To do — The answer should be an exact repeat of the stretch of material below from the line containing "中国科学院电工研究所基于芯片" through the line containing "- Monthly planning pages".

Material provided —
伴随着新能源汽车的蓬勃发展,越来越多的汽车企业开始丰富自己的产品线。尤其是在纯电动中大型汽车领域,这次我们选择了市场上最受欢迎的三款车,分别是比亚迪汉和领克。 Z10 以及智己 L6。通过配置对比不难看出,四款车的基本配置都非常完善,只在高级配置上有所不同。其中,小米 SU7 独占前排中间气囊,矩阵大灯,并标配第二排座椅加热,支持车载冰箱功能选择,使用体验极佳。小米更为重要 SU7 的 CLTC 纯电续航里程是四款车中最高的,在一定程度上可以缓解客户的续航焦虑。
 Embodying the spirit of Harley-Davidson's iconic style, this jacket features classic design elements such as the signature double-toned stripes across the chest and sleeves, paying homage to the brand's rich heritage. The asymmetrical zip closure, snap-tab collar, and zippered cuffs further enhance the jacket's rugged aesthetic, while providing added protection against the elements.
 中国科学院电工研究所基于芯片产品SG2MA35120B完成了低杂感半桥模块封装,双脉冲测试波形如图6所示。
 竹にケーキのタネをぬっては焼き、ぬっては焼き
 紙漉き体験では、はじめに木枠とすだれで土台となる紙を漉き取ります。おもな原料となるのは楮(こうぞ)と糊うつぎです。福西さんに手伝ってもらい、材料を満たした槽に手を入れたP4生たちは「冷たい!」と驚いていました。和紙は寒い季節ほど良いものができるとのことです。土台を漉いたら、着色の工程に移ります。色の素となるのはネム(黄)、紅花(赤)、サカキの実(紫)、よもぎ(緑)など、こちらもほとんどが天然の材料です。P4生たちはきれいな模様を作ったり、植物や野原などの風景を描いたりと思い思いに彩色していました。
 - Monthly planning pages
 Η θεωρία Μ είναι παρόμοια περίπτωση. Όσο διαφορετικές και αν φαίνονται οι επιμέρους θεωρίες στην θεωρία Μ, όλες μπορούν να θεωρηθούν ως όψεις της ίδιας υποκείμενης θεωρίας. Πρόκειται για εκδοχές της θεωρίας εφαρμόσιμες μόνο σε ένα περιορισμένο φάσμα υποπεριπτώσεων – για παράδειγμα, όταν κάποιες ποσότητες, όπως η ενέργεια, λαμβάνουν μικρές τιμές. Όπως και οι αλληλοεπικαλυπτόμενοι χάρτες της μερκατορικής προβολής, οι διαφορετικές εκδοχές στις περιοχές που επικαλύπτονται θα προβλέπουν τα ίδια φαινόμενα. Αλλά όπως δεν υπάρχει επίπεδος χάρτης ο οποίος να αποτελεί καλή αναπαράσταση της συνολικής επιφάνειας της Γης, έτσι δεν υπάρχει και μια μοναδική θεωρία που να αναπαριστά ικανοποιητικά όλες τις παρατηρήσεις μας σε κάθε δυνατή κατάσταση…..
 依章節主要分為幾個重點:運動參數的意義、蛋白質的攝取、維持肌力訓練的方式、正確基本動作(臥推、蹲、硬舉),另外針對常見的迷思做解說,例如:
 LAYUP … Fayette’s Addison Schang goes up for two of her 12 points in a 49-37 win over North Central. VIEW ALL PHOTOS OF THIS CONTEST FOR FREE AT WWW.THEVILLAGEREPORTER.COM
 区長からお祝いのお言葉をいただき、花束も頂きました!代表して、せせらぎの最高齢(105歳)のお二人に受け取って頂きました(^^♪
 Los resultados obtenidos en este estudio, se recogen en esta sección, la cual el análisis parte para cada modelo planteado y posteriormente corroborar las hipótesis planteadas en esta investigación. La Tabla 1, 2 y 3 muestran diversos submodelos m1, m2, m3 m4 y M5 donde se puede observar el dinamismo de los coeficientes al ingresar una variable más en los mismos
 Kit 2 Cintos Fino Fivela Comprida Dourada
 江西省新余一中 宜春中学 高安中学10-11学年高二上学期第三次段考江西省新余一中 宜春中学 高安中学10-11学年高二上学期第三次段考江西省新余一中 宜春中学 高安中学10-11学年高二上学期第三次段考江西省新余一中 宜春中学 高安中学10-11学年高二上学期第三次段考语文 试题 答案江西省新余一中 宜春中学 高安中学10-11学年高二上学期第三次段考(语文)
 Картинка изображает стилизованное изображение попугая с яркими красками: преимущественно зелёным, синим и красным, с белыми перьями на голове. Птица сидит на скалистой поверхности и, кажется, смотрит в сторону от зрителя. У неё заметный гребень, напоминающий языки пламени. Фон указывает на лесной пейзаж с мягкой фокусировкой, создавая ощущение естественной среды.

Solution —
 中国科学院电工研究所基于芯片产品SG2MA35120B完成了低杂感半桥模块封装,双脉冲测试波形如图6所示。
 竹にケーキのタネをぬっては焼き、ぬっては焼き
 紙漉き体験では、はじめに木枠とすだれで土台となる紙を漉き取ります。おもな原料となるのは楮(こうぞ)と糊うつぎです。福西さんに手伝ってもらい、材料を満たした槽に手を入れたP4生たちは「冷たい!」と驚いていました。和紙は寒い季節ほど良いものができるとのことです。土台を漉いたら、着色の工程に移ります。色の素となるのはネム(黄)、紅花(赤)、サカキの実(紫)、よもぎ(緑)など、こちらもほとんどが天然の材料です。P4生たちはきれいな模様を作ったり、植物や野原などの風景を描いたりと思い思いに彩色していました。
 - Monthly planning pages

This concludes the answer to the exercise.